一维实或复动力系统中若干问题研究

Dynamical system is one of the important research directions in fundamental mathematics, and One-dimensional dynamics is one of the important research branch in dynamical system. The main objectives in one-dimensional dynamics are iterations of rational functions on Riemann sphere, or continuous functions on interval or circumference. The aims of this project are non-uniformly hyperbolic conditions, thermodynamical formalism and fractal properties of Julia sets and their invariant subset in one-dimensional real or complex dynamics. First, we will continue to study the relationship among various non-uniformly hyperbolic conditions and their invariant properties. Second, we will also prove some equalities of fractal dimensions of Julia sets for interval maps. Finally, we will pay more attention to the thermodynamical formalism in one-dimensional dynamics. Through these studies, we hope that we can understand the more properties of one-dimensional dynamics.

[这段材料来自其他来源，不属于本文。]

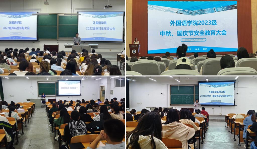 為切實做好學(xué)生教育管理服務(wù)工作,提高學(xué)生安全意識,筑牢安全防線,按照學(xué)校安排,外國語學(xué)院各年級輔導(dǎo)員分別在鄠邑校區(qū)弘石報告廳、B114、A234、B214召開2023年中秋國慶假期安全教育大會。

动力系统是基础数学的一个重要研究方向，一维动力系统又是动力系统中的一个重要研究分支，主要研究黎曼球面上的有理函数，或区间、圆周上的连续函数的迭代。本课题旨在研究一维实或复动力系统中的非一致双曲性条件，热力动力学性质以及Julia集及其不变子集的分形性质。首先，我们将延续申请人的青年基金项目，继续研究一维动力系统中各种非一致双曲性条件之间的关系和它们的不变形，同时也将证明区间映射中Julia集的分形维数之间的关系。其次，我们将重点考察一维动力系统中的热力动力学性质。希望通过上述研究，能够对一维动力系统有更新、更深刻的认识；能够更好地理解一维动力系统中的热力动力学性质。

本项目按计划书开展研究，较好地完成了预期的目标，得到了如下结果：我们研究了非一致双曲性条件，证明了Collect-Eckmann条件附件零界点的慢回复性是拓扑共轭不变的；我们研究了有理函数的Poincare级数，证明了对于一大类满足较弱双曲性条件的有理函数动力系统的 Poincare 临界指数和 Julia 集的双曲维数都是相等的；考察了区间映射的热力学动力性质，我们用平衡态测度的测度熵和李雅普指数给出了势函数是双曲的等价刻画。